Privacy positions assert the right of individuals to control their information and data, and data about them, and to have protection from harms that might occur through exploitation of their data.

Artificial intelligence is a field of computing concerned with equipping machines with the ability to perform tasks that many previously have required human intelligence, including recognising patterns, making judgements, and extracting and analysing semi-structured information.
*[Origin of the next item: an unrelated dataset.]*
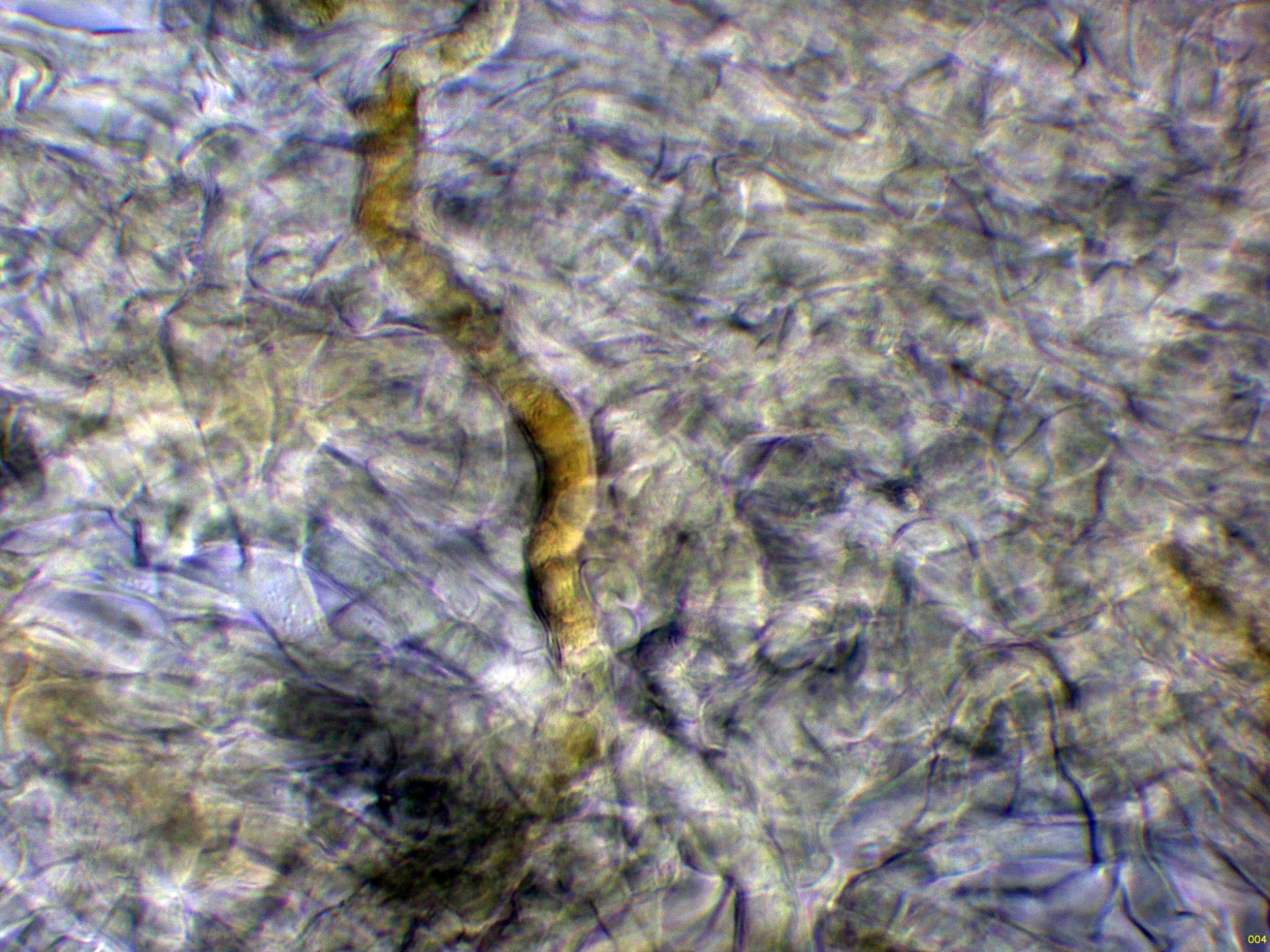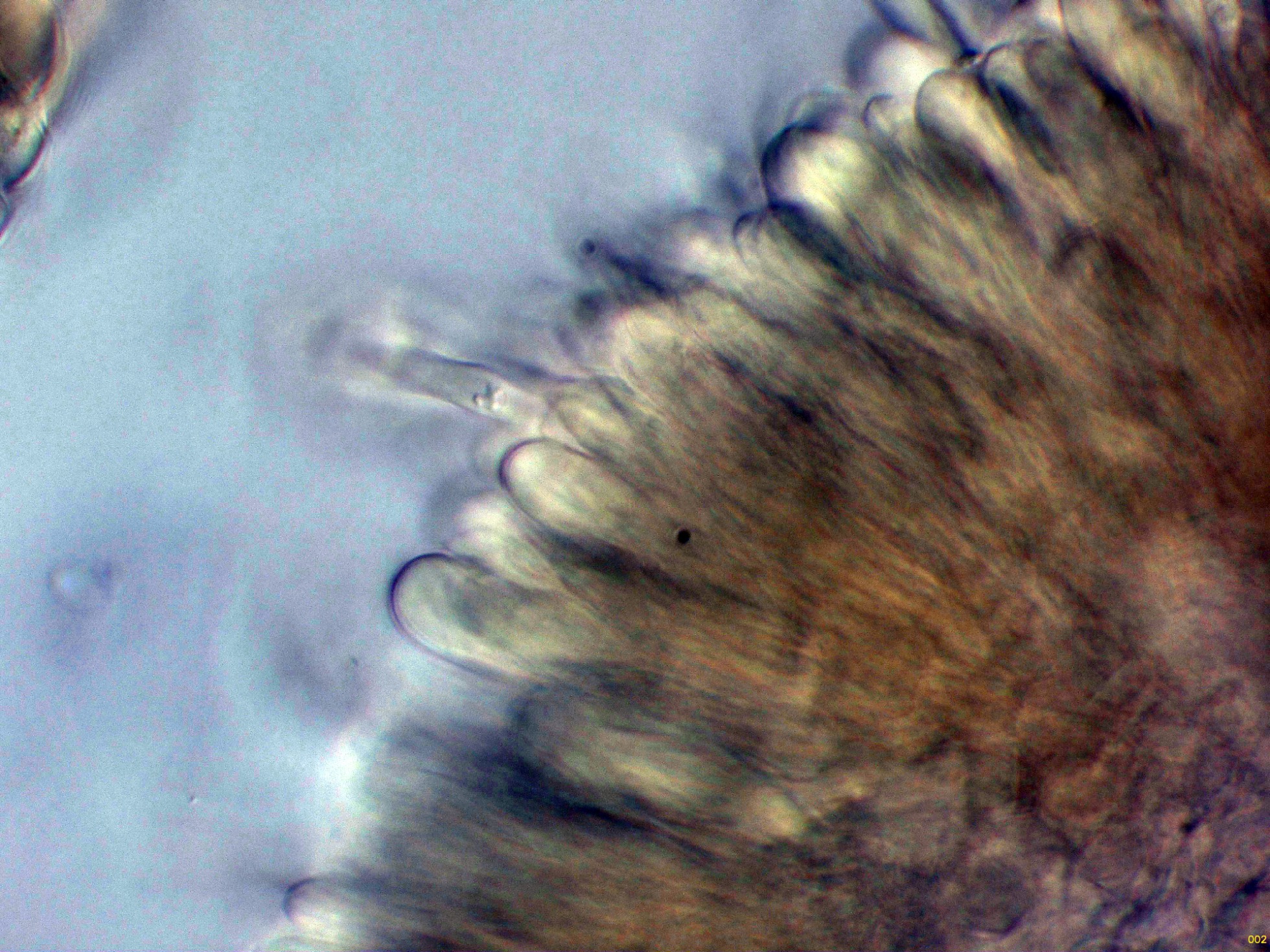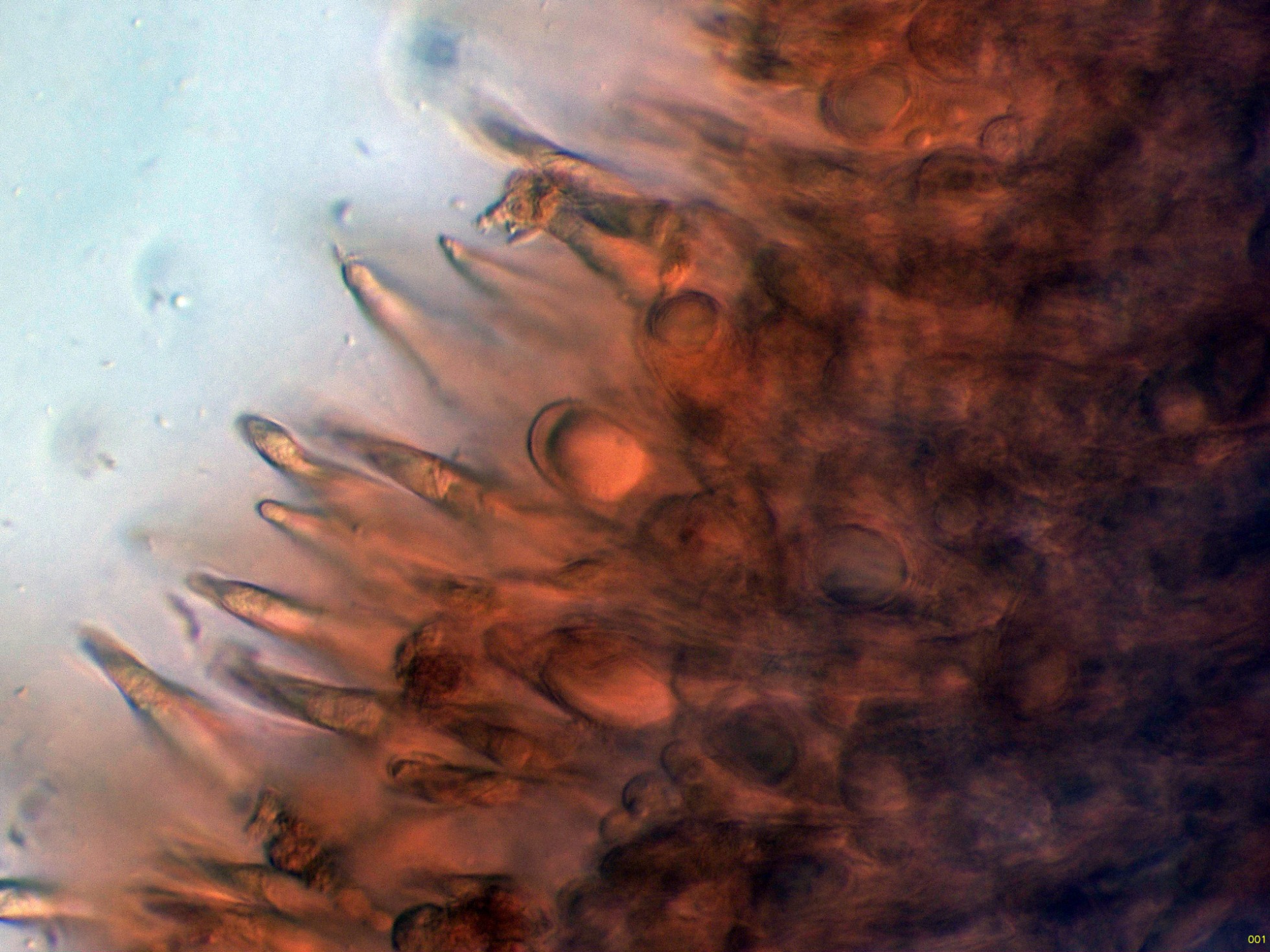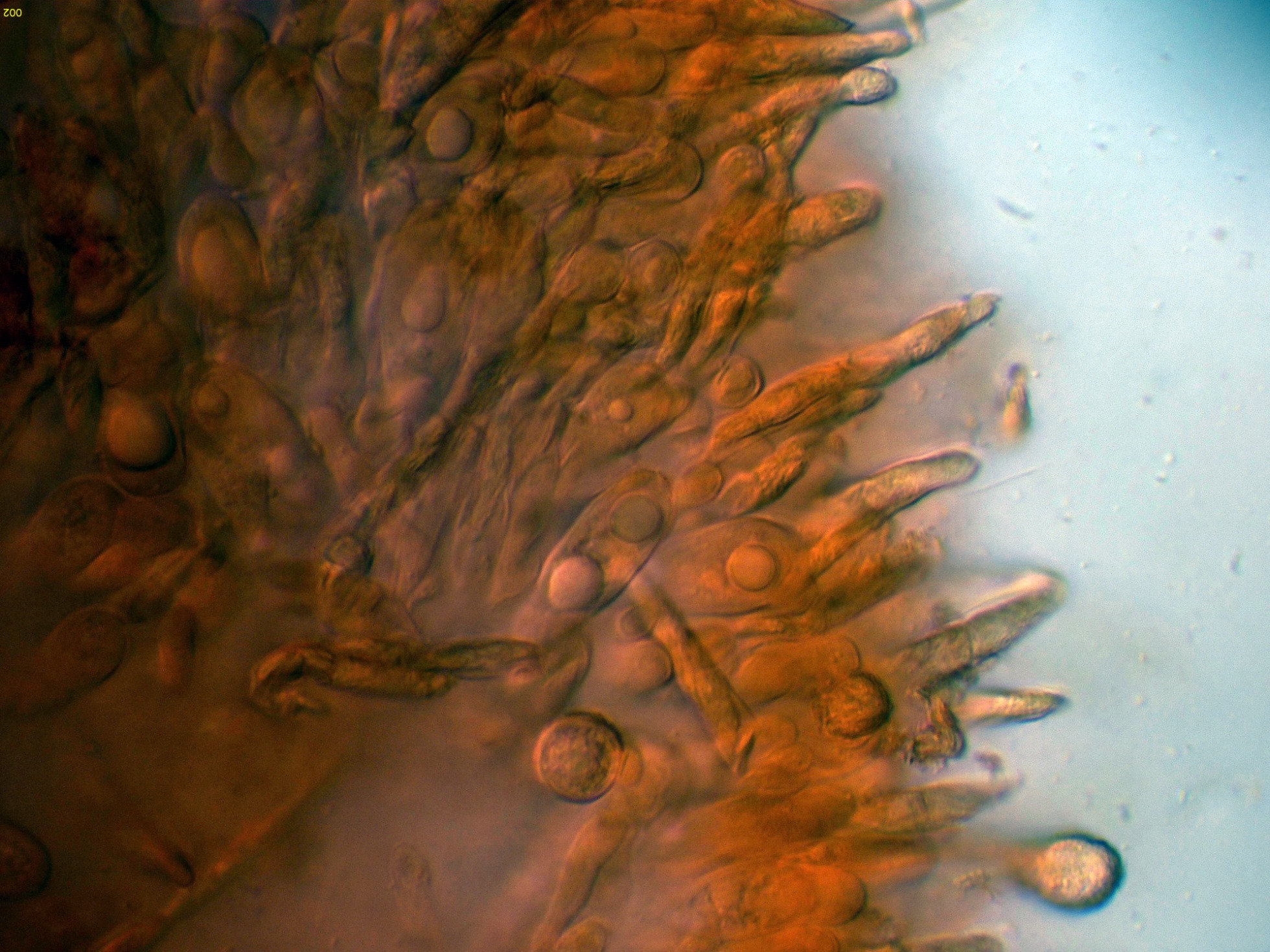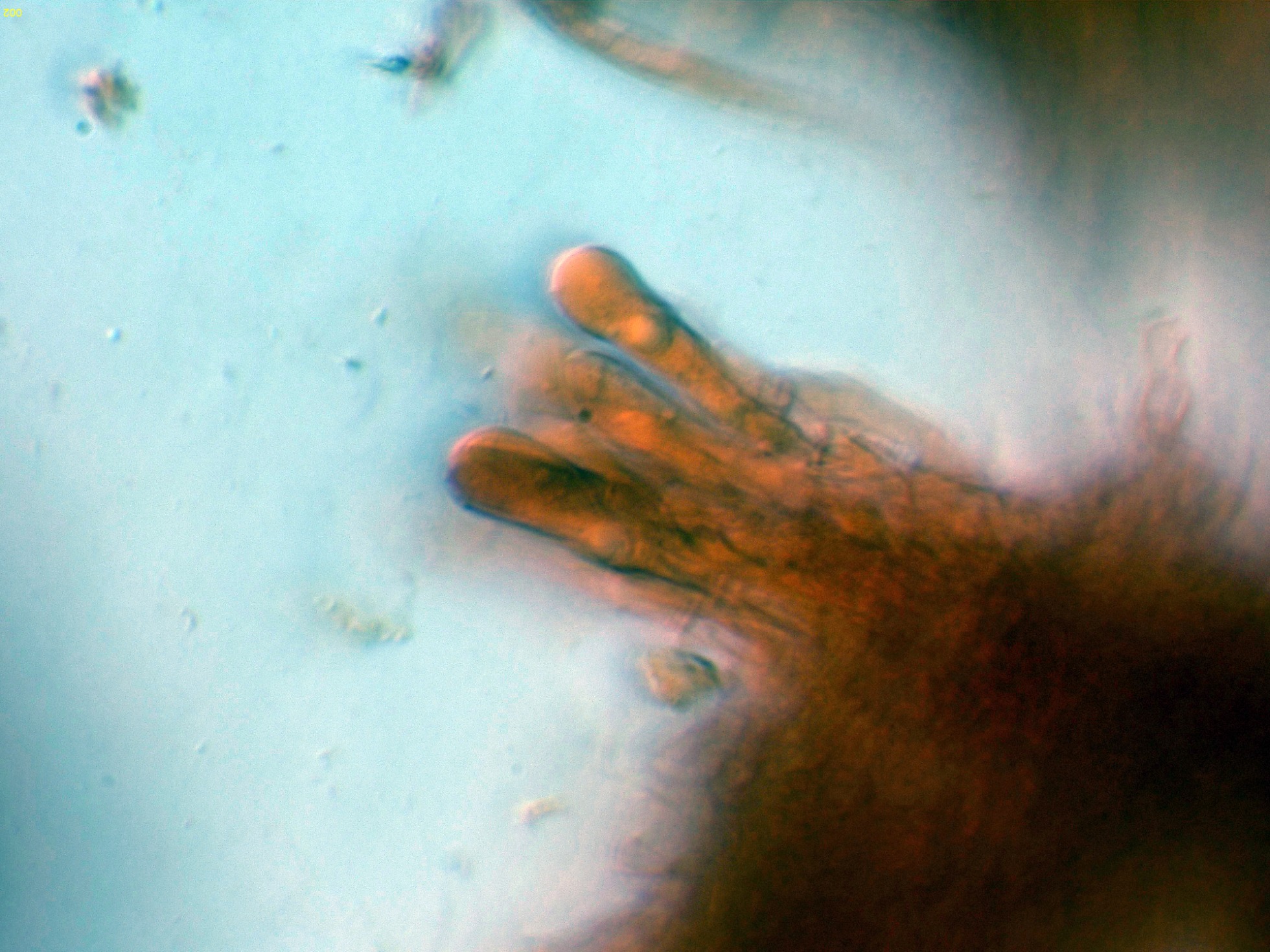 Aunque no pude observar dermatocistidios, si que presentaba en la suprapellis unas hifas primordiales con contenido, que según la bibliografía se deberían teñir con la Sulfovainillina (aquí en la Isla no dispongo de ella, para poder confirmar este punto).

Around each of these concepts vibrant (and broad based) communities exist: advocating respectively for policy to focus on openness, privacy and the transformative use of AI. At first glance, there seem to be some tensions here: openness may be cast as the opposite of privacy; or the control sought in privacy as starving artificial intelligence models of the data they could use for social good. The possibility within AI of extracting signals from messy records might appear to negate the need to construct structured public data, and as data-hungry AI draws increasingly upon proprietary data sources, the openness of data on which decisions are made may be undermined. At some points these tensions are real. But if we dig beneath surface level oppositions, we may find arguments that unite progressive segments of each distinct community – and that can add up to a more coherent contemporary narrative around data in society.

This was the focus of a panel I took part in at RightsCon in Toronto last week, curated by Laura Bacon of Omidyar Network, and discussing with Carlos Affonso Souza (ITS Rio) and Frederike Kaltheuner (Privacy International) – and the first in a series of panels due to take place over this year at a number of events. In this post I’ll reflect on five themes that emerged both from our panel discussion, and more widely from discussions I had at RightsCon. These remarks are early fragments, rather than complete notes, and I’m hoping that a number may be unpacked further in the upcoming panels.

The historic connection of open data and AI

The current ‘age of artificial intelligence’ is only the latest in a series of waves of attention the concept has had over the years. In this wave, the emphasis is firmly upon the analysis of large collections of data, predominantly proprietary data flows. But it is notable that a key thread in advocacy for open government data in the late 2000s came from Artificial Intelligence and semantic web researchers such as Prof. Nigel Shadbolt, whose Advanced Knowledge Technologies (AKT) programme was involved in many early re-use projects with UK public data, and Prof. Jim Hendler at TWC. Whilst I’m not aware of any empirical work that explores the extent to which open government data has gone on to feed into machine-learning models, in terms of bootstrapping data-hungry research, there is a connection here to be explored.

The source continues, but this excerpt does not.